An exact copy of the lines from the top of the data through the line with "Polsterhocker Hocker DILIA" is what you should give, with no pictures in it.

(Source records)
- Opening Delimiter -
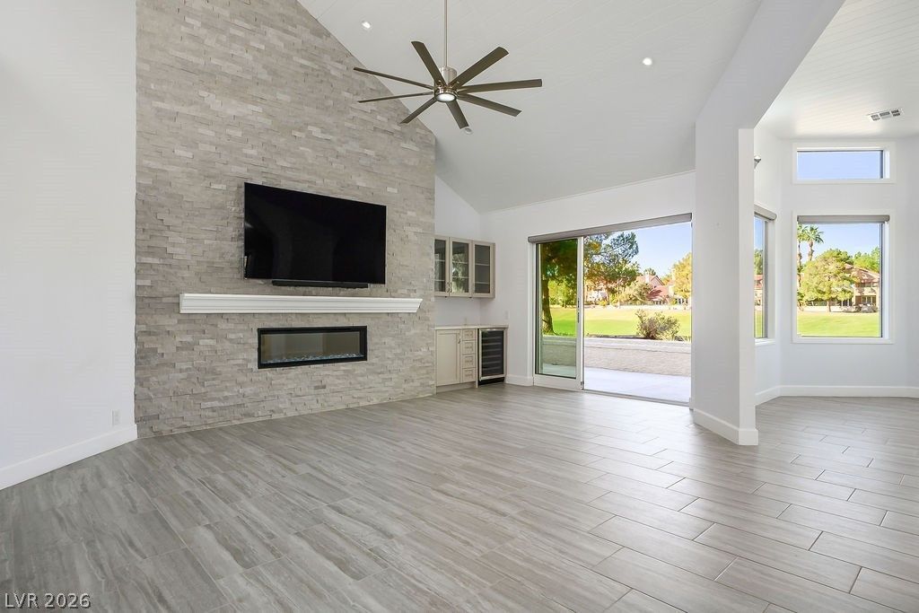 Discover this exquisite home featuring breathtaking renovations & panoramic golf course views in Spanish Trail. Impeccably upgraded, this residence boasts beauty throughout, luxurious countertops w/ a spacious kitchen island, high-end stainless steel appliances. Elegant flooring & custom cabinets sophistication, while updated bathrooms showcase upgraded stylish features. The home is designed for modern comfort with custom electric blinds, custom lighting, vaulted ceilings that create an open, airy atmosphere. Every detail has been carefully attended to, including newer plumbing, a newer HVAC system, & upgraded, one-level open floor plan. Enjoy stunning vistas from the kitchen, dining room, family room, & prim bedroom, all overlooking the lush golf course. Additional features include 3-car garage, water filtration system, custom cabinets, & lighting/blinds. No stone has been left unturned?this home is absolutely stunning - move-in ready for those seeking luxury & tranquility.
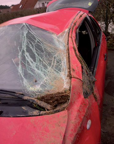 «Из-за скользкой, обледенелой дороги, Стефани С (Бавария) не справилась с управлением автомобилем и на скорости 80 км\час вылетела на обочину. Зацепившись колесом за бровку обочены несколько раз перевернулась и остановилась в поле через 15 метров
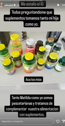 “Tanto Matilda como yo somos pescerarianas y tratamos de complementar nuestra alimentación con suplementos”, señaló la modelo al indicar que desde que había mostrado el primer video se le había llenado la casilla de IG de mensajes y preguntas.
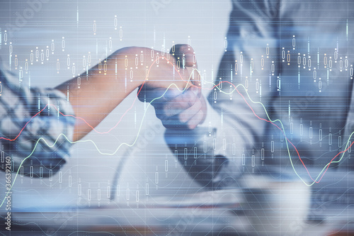 Double exposure of forex graph hologram and handshake of two men. Stock market concept.
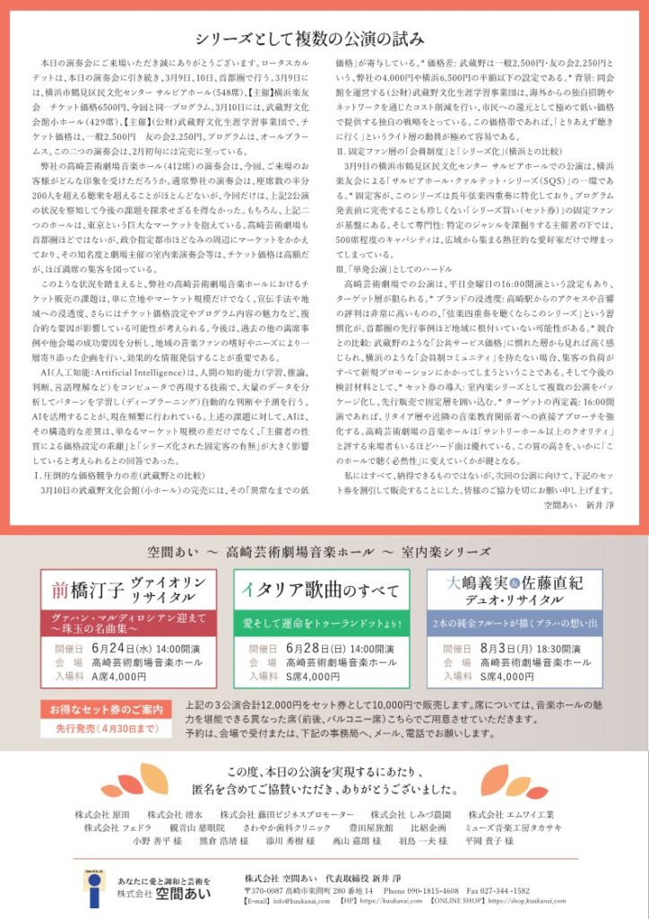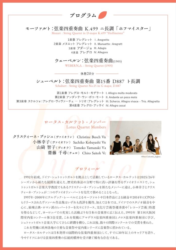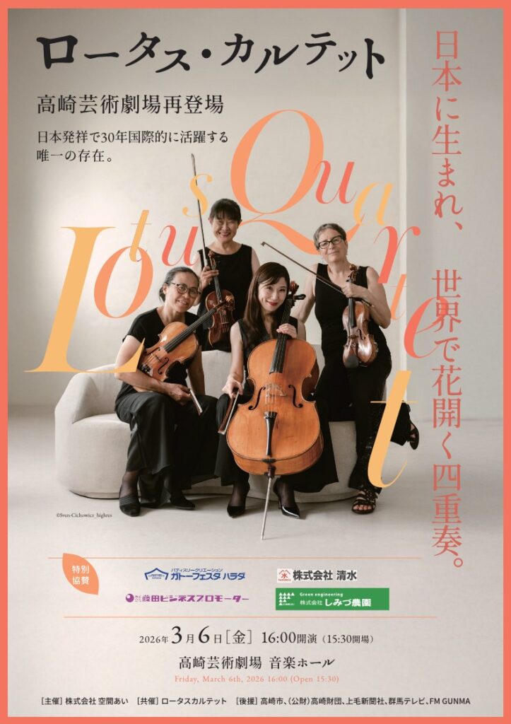 2023年には、高崎芸術劇場にてハイドン、メンデルスゾーン、シューベルトの名曲を演奏し、聴衆から高い評価を得ました。その節目を経て、今回はロータス・カルテットが大切にしてきた作曲家たちの弦楽四重奏曲を実演します。
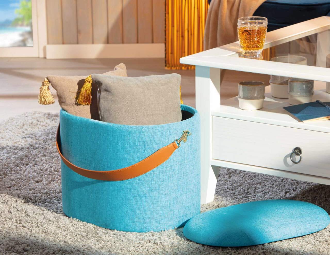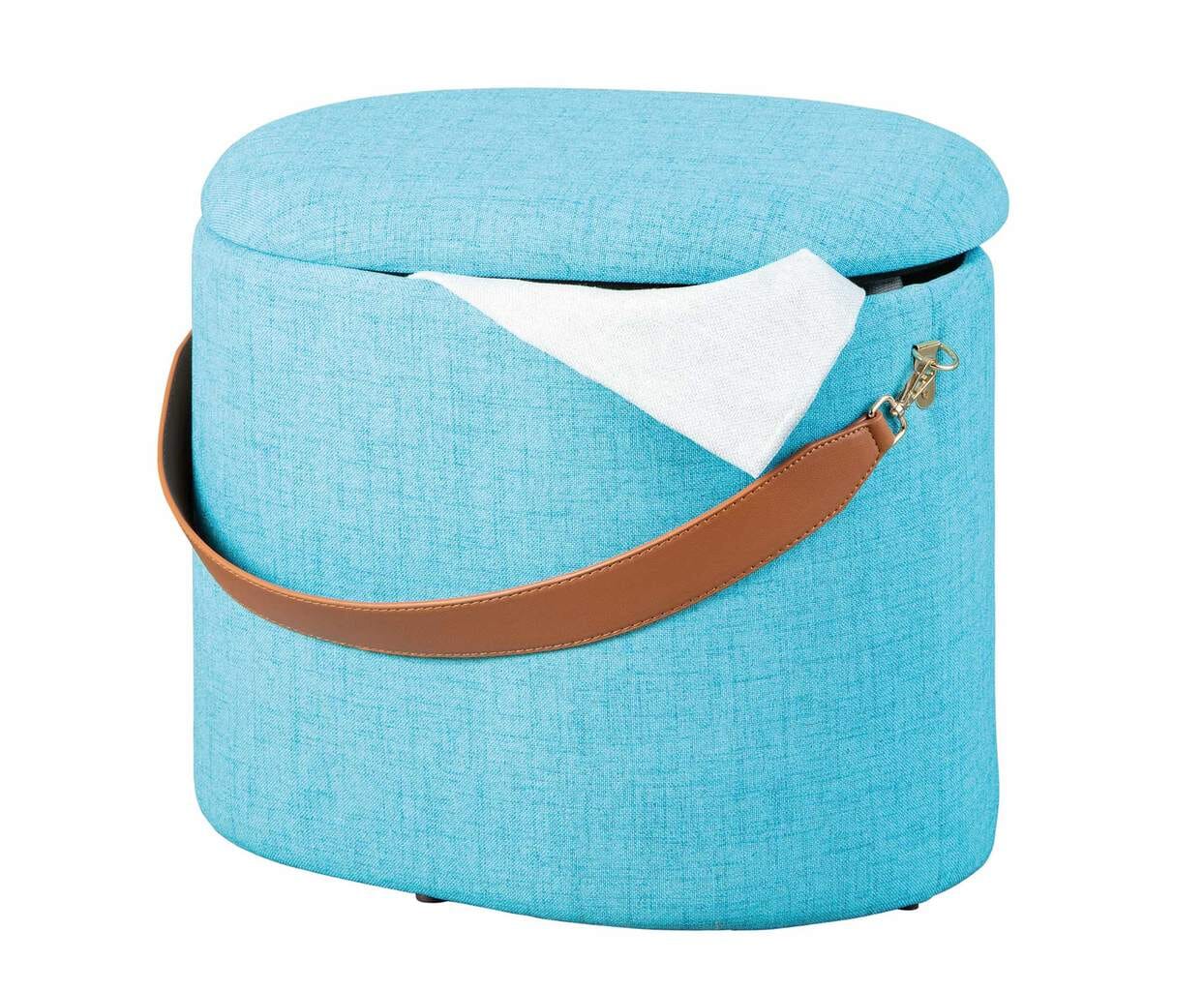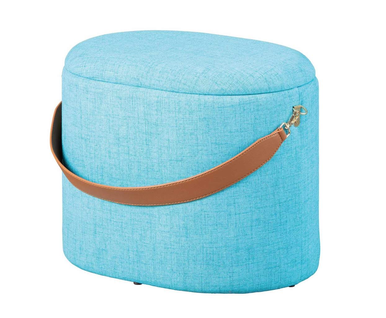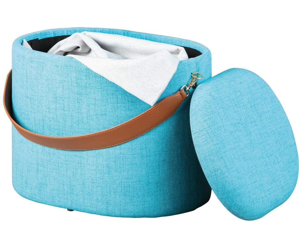 Polsterhocker Hocker DILIA mit Stoffbezug in Blau und Trageband
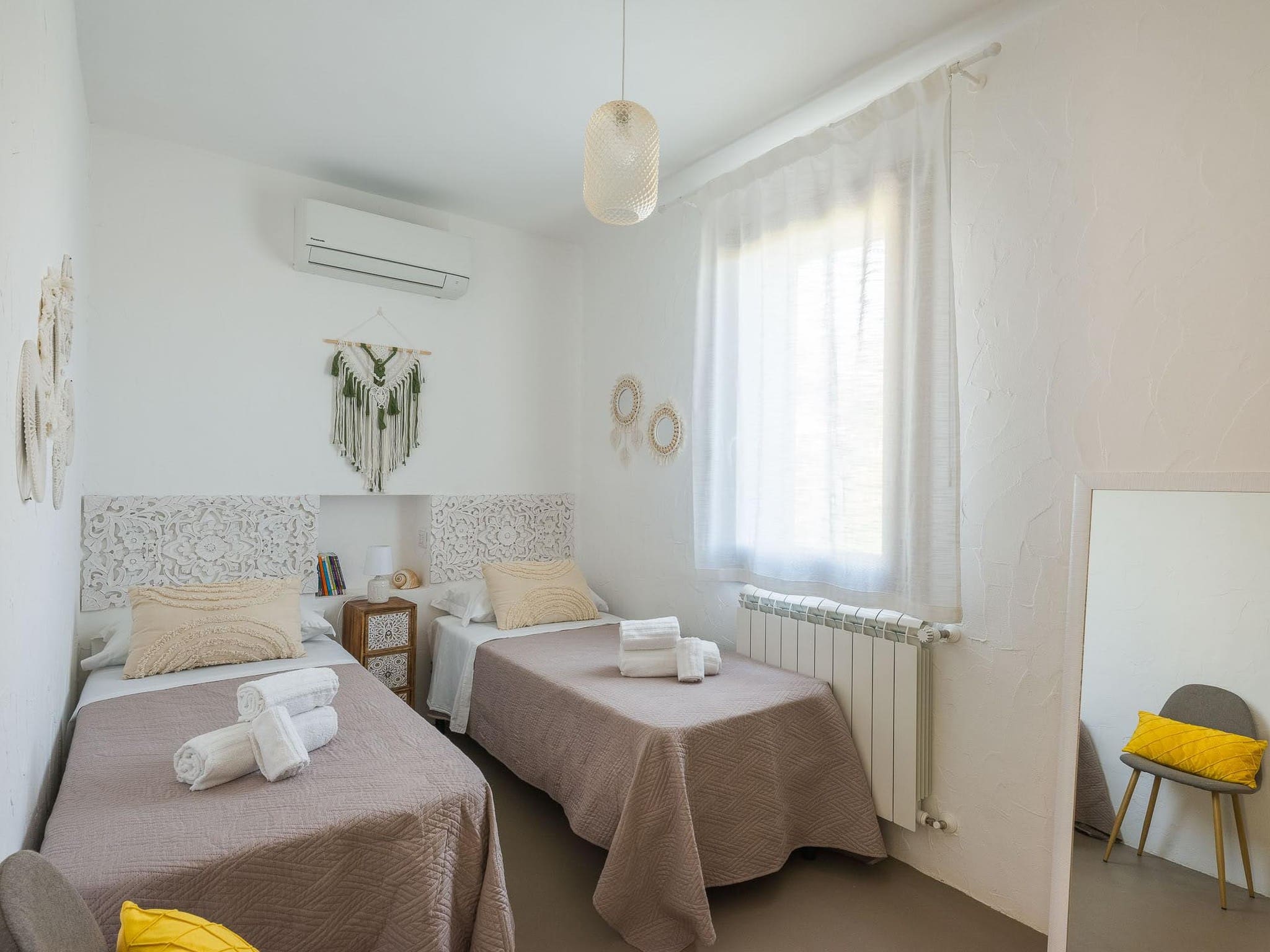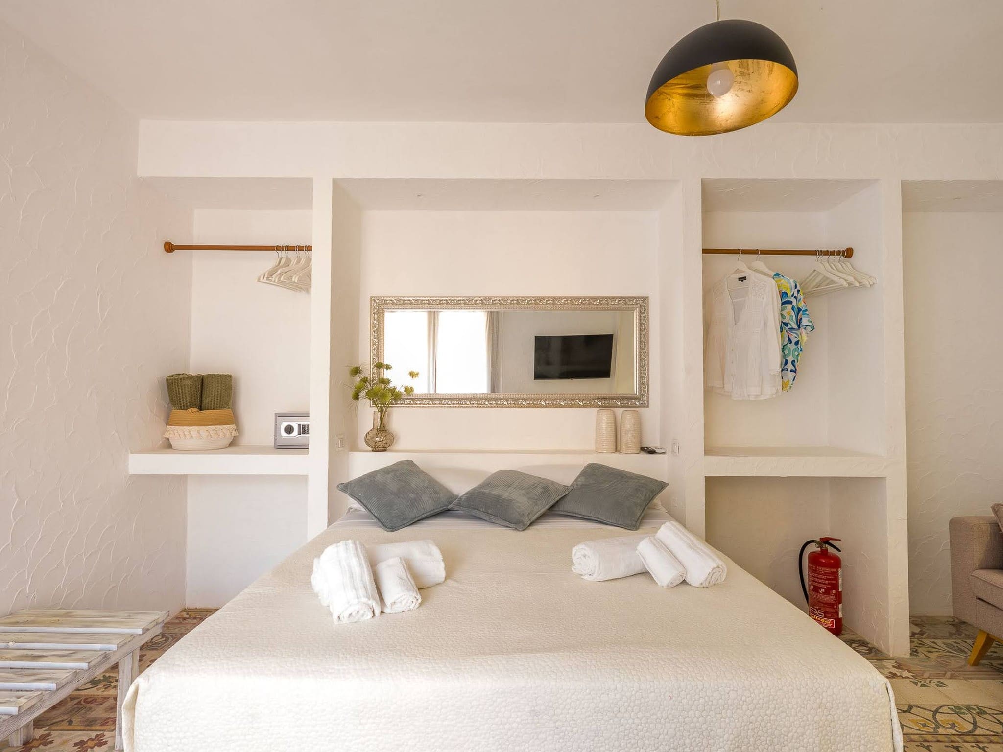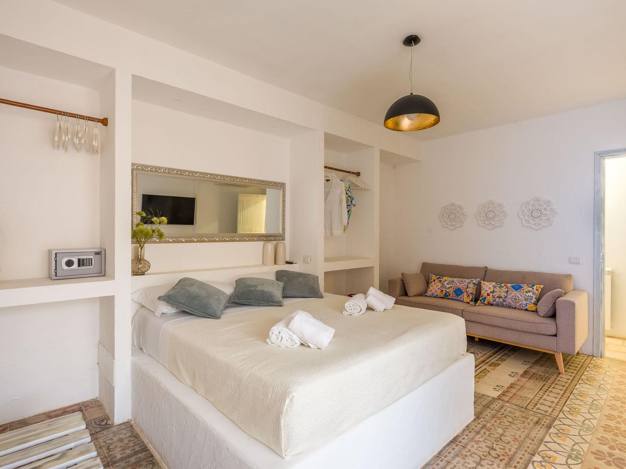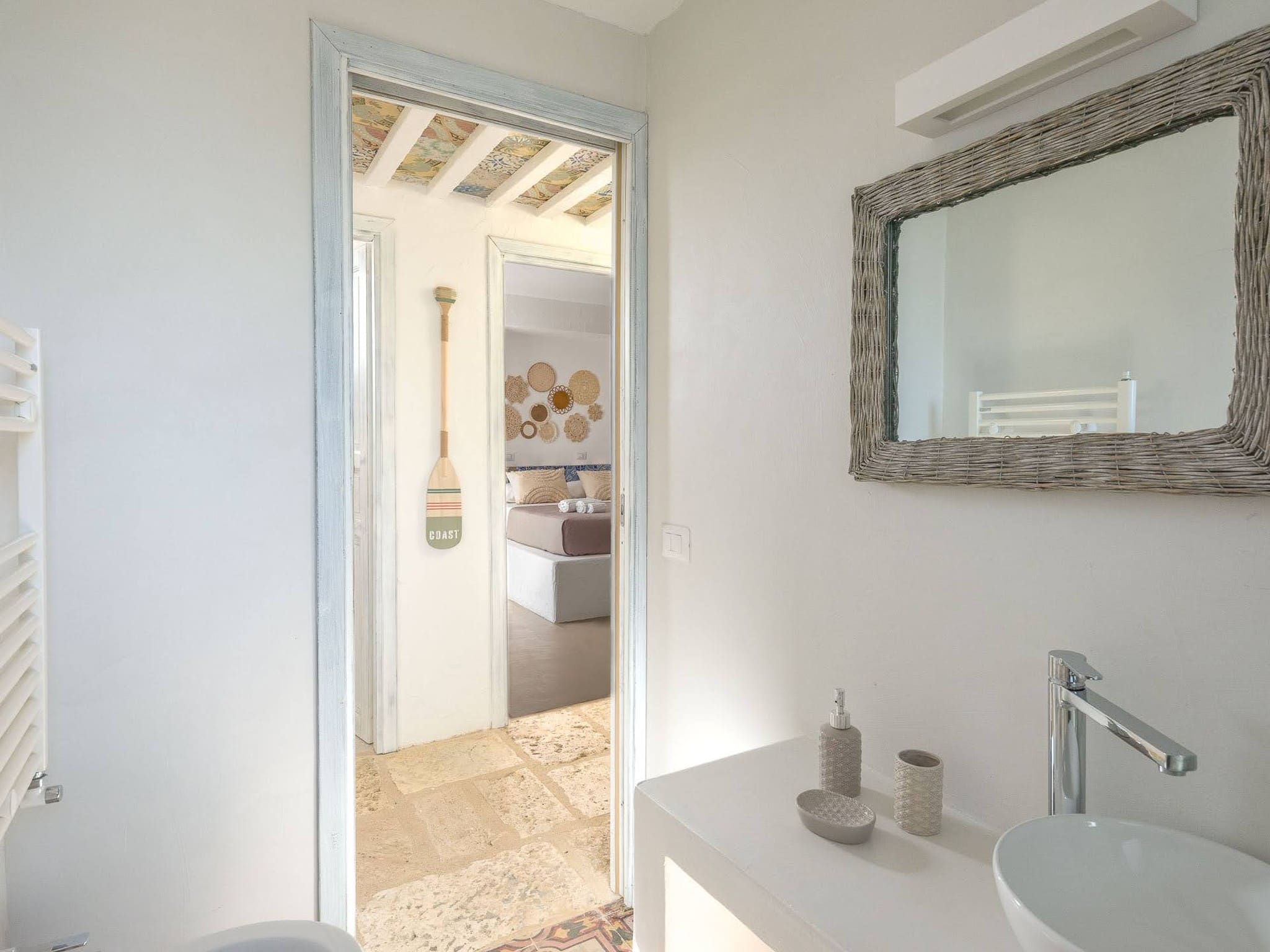 The villa’s interior exudes a bright and rustic charm, perfectly complementing its Mediterranean surroundings. The spacious living areas are designed for comfort and style, featuring stone floors and a seamless blend of traditional and modern elements. The kitchen and living room, though not photographed, maintain the high standard of design seen throughout the home. With four bedrooms and four bathrooms, three of which are conveniently located on the ground floor, this villa ensures accessibility for all guests. The fourth bedroom provides an added layer of privacy on the first floor, complete with its own entrance and a sun-kissed balcony.
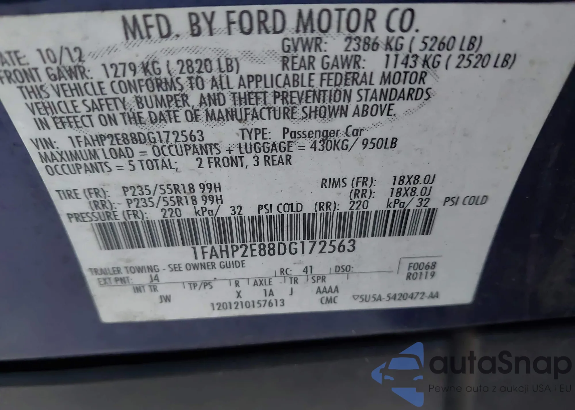 • VIN 1FAHP2KT1FG176580
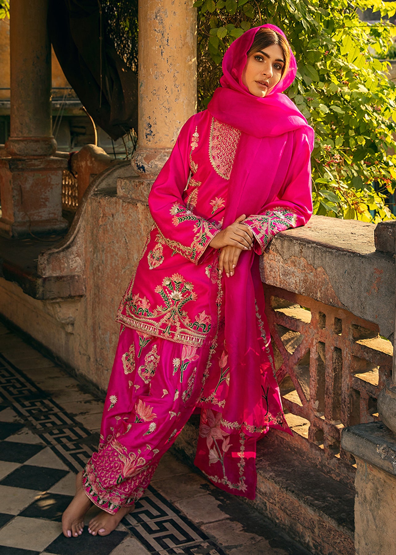 Hot Pink cotton silk floral embroidered shirt paired with our signature traditional aari work shalwaar. The exquisite piece is complimented with a pure organza dupatta with floral embroidery.
- Closing Delimiter -
- [Finished task]
 Discover this exquisite home featuring breathtaking renovations & panoramic golf course views in Spanish Trail. Impeccably upgraded, this residence boasts beauty throughout, luxurious countertops w/ a spacious kitchen island, high-end stainless steel appliances. Elegant flooring & custom cabinets sophistication, while updated bathrooms showcase upgraded stylish features. The home is designed for modern comfort with custom electric blinds, custom lighting, vaulted ceilings that create an open, airy atmosphere. Every detail has been carefully attended to, including newer plumbing, a newer HVAC system, & upgraded, one-level open floor plan. Enjoy stunning vistas from the kitchen, dining room, family room, & prim bedroom, all overlooking the lush golf course. Additional features include 3-car garage, water filtration system, custom cabinets, & lighting/blinds. No stone has been left unturned?this home is absolutely stunning - move-in ready for those seeking luxury & tranquility.
 «Из-за скользкой, обледенелой дороги, Стефани С (Бавария) не справилась с управлением автомобилем и на скорости 80 км\час вылетела на обочину. Зацепившись колесом за бровку обочены несколько раз перевернулась и остановилась в поле через 15 метров
 “Tanto Matilda como yo somos pescerarianas y tratamos de complementar nuestra alimentación con suplementos”, señaló la modelo al indicar que desde que había mostrado el primer video se le había llenado la casilla de IG de mensajes y preguntas.
 Double exposure of forex graph hologram and handshake of two men. Stock market concept.
 2023年には、高崎芸術劇場にてハイドン、メンデルスゾーン、シューベルトの名曲を演奏し、聴衆から高い評価を得ました。その節目を経て、今回はロータス・カルテットが大切にしてきた作曲家たちの弦楽四重奏曲を実演します。
 Polsterhocker Hocker DILIA mit Stoffbezug in Blau und Trageband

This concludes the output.